An address parser implemented in Python using a trained spaCy NER model
# Clone the repo
$ git clone https://github.com/PB020/Taxi.git
# Change the working directory
$ cd taxi
# Create virtual enviroment
$ python -m venv .env
$ .env\Scripts\activate
$ pip install -U pip setuptools wheel
# Install requirements
$ pip install -r requirements.txt
# Prepare the data
$ python preparation.py "data\datasets\us-train-dataset.csv" [TRAINER]
# Create training config
$ python -m spacy init fill-config "config\base.cfg" "config\config.cfg"
# Train model using data and config
$ python -m spacy train [CONFIG] --output models --paths.train [TRAINER] --paths.dev [TRAINER]

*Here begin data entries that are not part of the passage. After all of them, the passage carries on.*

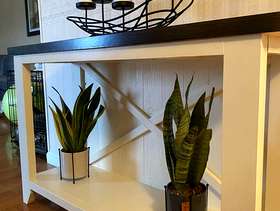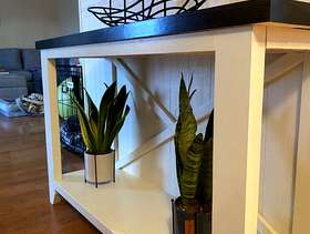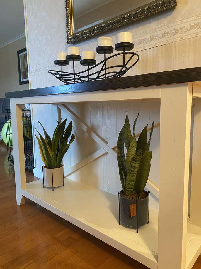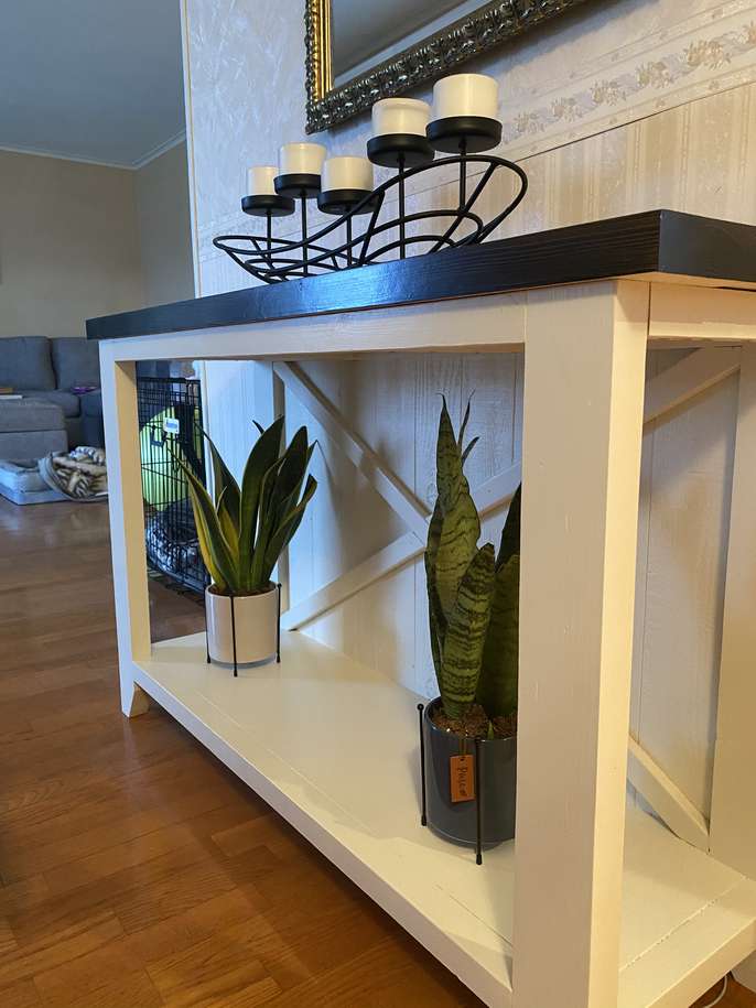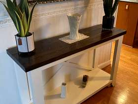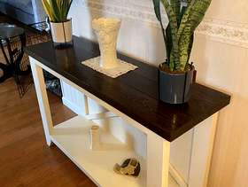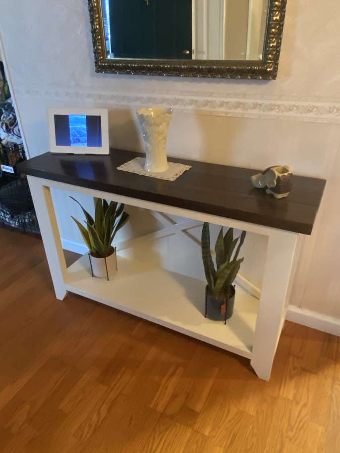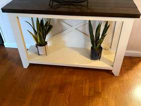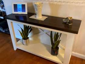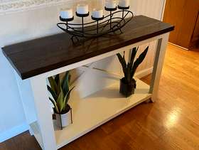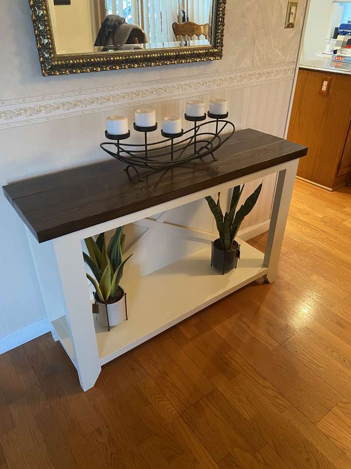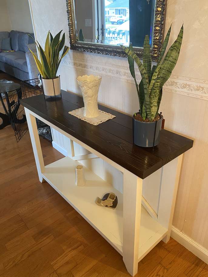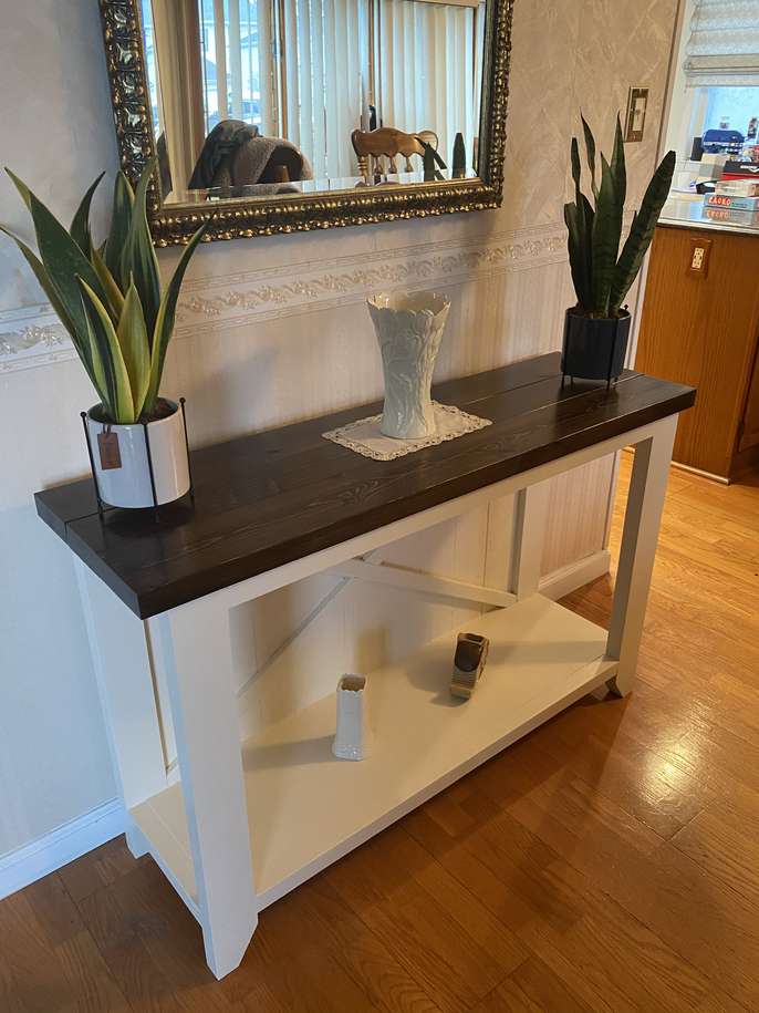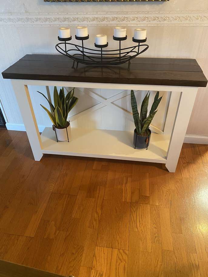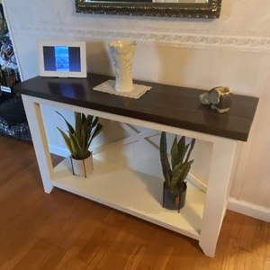 Hand Crafted Farmhouse Style Entry Way Table. The body is painted in an Antique White Satin finish with a Jacobean stained top with a semi-gloss polyurethane finish. It measures 48” long, 14 1/2” wide, and 30” high Can be custom made to your measurements.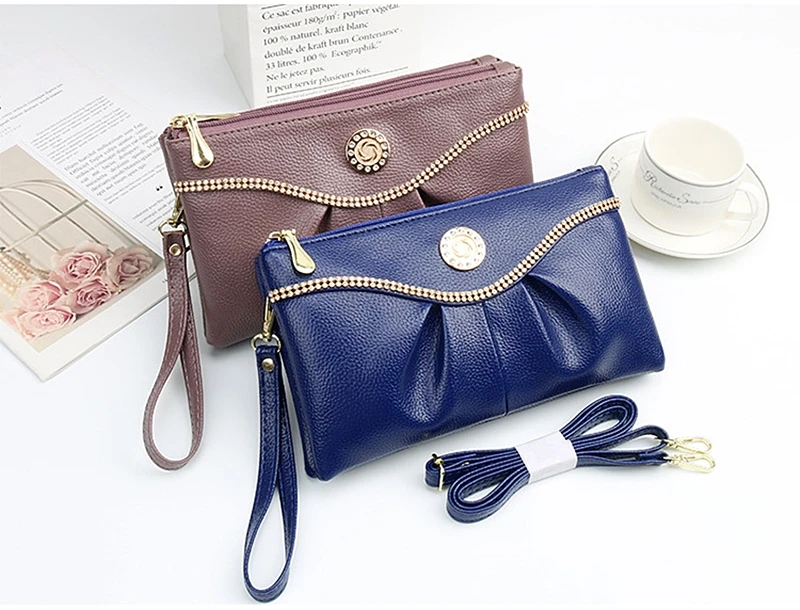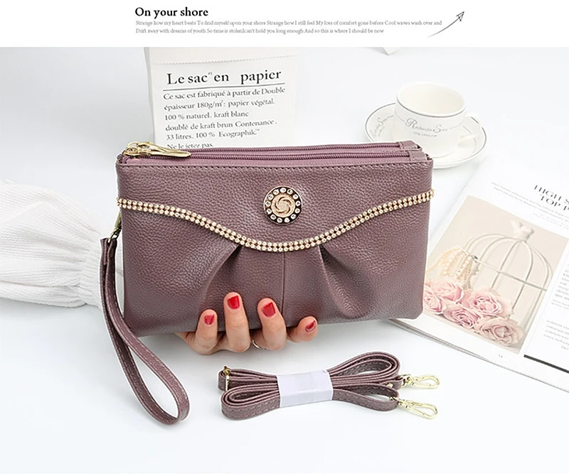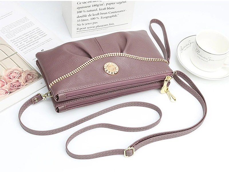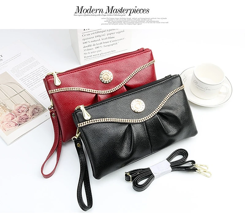 Женская сумка-Кроссбоди из искусственной кожи с зернистой двойной молнией и рюшами, удобная сумка на плечо с ремешком на запястье, Модные Бриллианты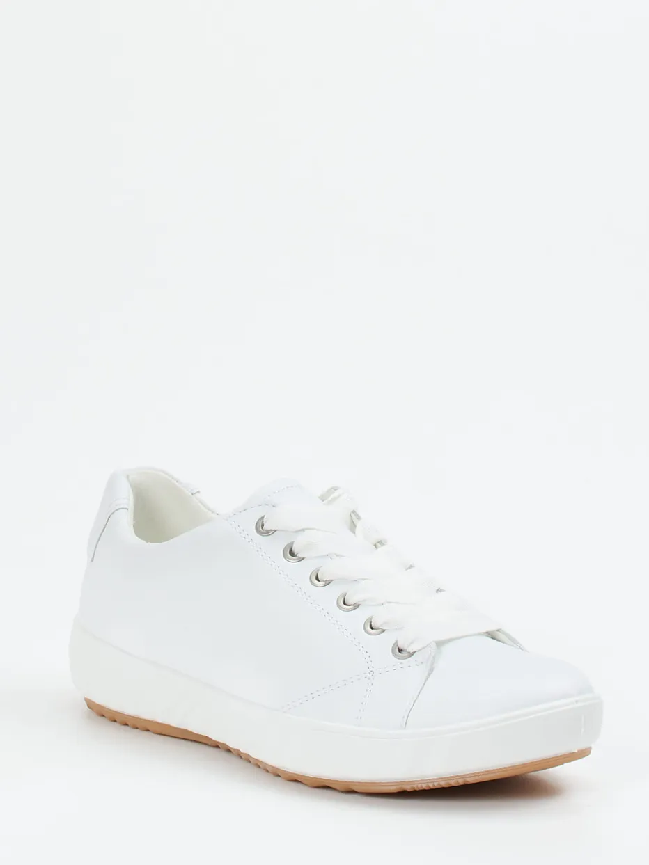 Schlichte Eleganz für jeden Tag.Ara bietet mit diesem weißen Low-Top-Sneaker ein Modell für Alltag und Freizeit. Der Sneaker aus hochwertigem Kalbleder mit matter Oberfläche setzt auf eine cleane, klassische Form und passt perfekt zu minimalistischen Looks. Silberfarbene Ösen, Ton-in-Ton-Nähte und die dezente Schnürung unterstreichen das edle Gesamtbild. Der gepolsterte Einstieg erhöht den Tragekomfort, während das Innenfutter mit Recyclinganteil nachhaltige Akzente setzt. Die weiße Gummisohle mit rutschhemmendem Profil bietet sicheren Halt. Inspiriert von Trends wie Quiet Luxury und Clean Sneaker SS25, ist das Modell ideal für Casual-Outfits – kombinierbar etwa mit leichten Steppjacken oder Canvas-Taschen. Ein stilvoller Alltagsbegleiter mit Komfortanspruch und modernem Anspruch.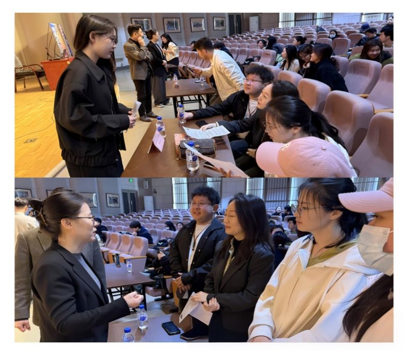 在用人单位宣讲环节,三家行业领跑者展现出艺术传媒领域的多元可能:笑点传媒聚焦传统艺术的现代化表达,帧理文化深耕数字内容创新传播,饺蛋蛋科技则探索艺术与科技的深度融合。企业代表们不约而同强调,在文化传媒产业蓬勃发展的今天,既需要扎实的艺术素养,更呼唤跨界融合的创新能力。现场面试环节,学子们以精湛的专业素养和开放的创新思维,展现出新一代鲁艺青年"守正创新、知行合一”独特优势。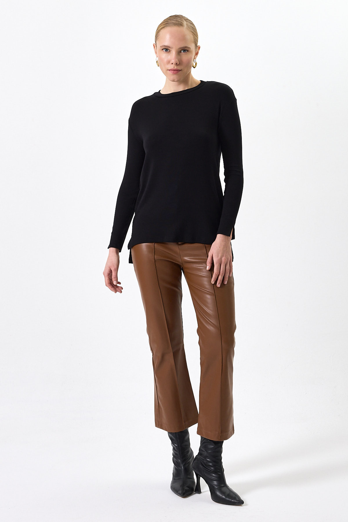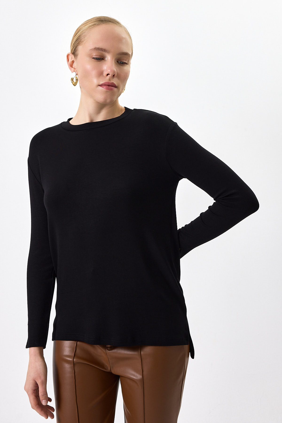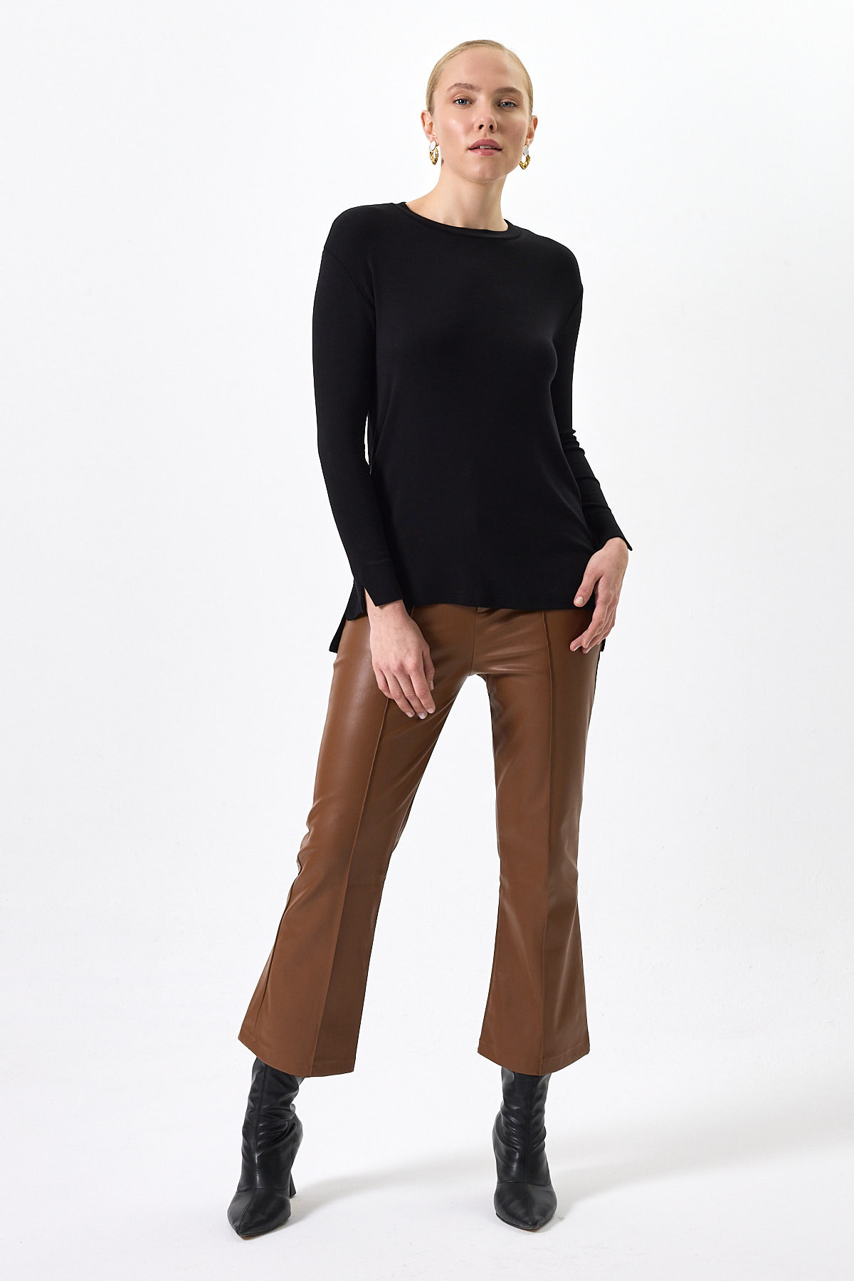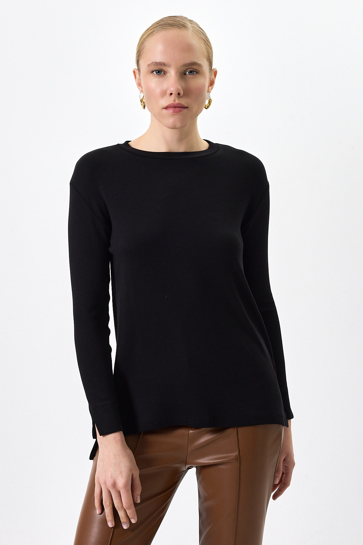 Siyah Bisiklet Yaka Yan Yırtmaçlı Tunik 8229A

usage: preparation.py [-h] dataset trainer
Prepare training dataset to train spaCy address parser NER model
positional arguments:
dataset Filename of labeled CSV file used to generate training data
trainer Filename of prepared DocBin training data
usage: predict.py [-h] [--folder FOLDER] [--output OUTPUT] model data
Use trained spaCy NER model to parse addresses from a given file
positional arguments:
model Path to the folder containing the trained model
data Path to input data that needs to be parsed
optional arguments:
-h, --help show this help message and exit
--folder FOLDER Option to recursively parse data from all files in a given directory
--output OUTPUT Filename to save parsed data
# Single File Usage
$ python predict.py "models\model-best" "data\tests\us-test-dataset.csv"
# Directory Usage
$ python predict.py "models\model-best" --folder FOLDER "data\tests" --output "output\test.txt"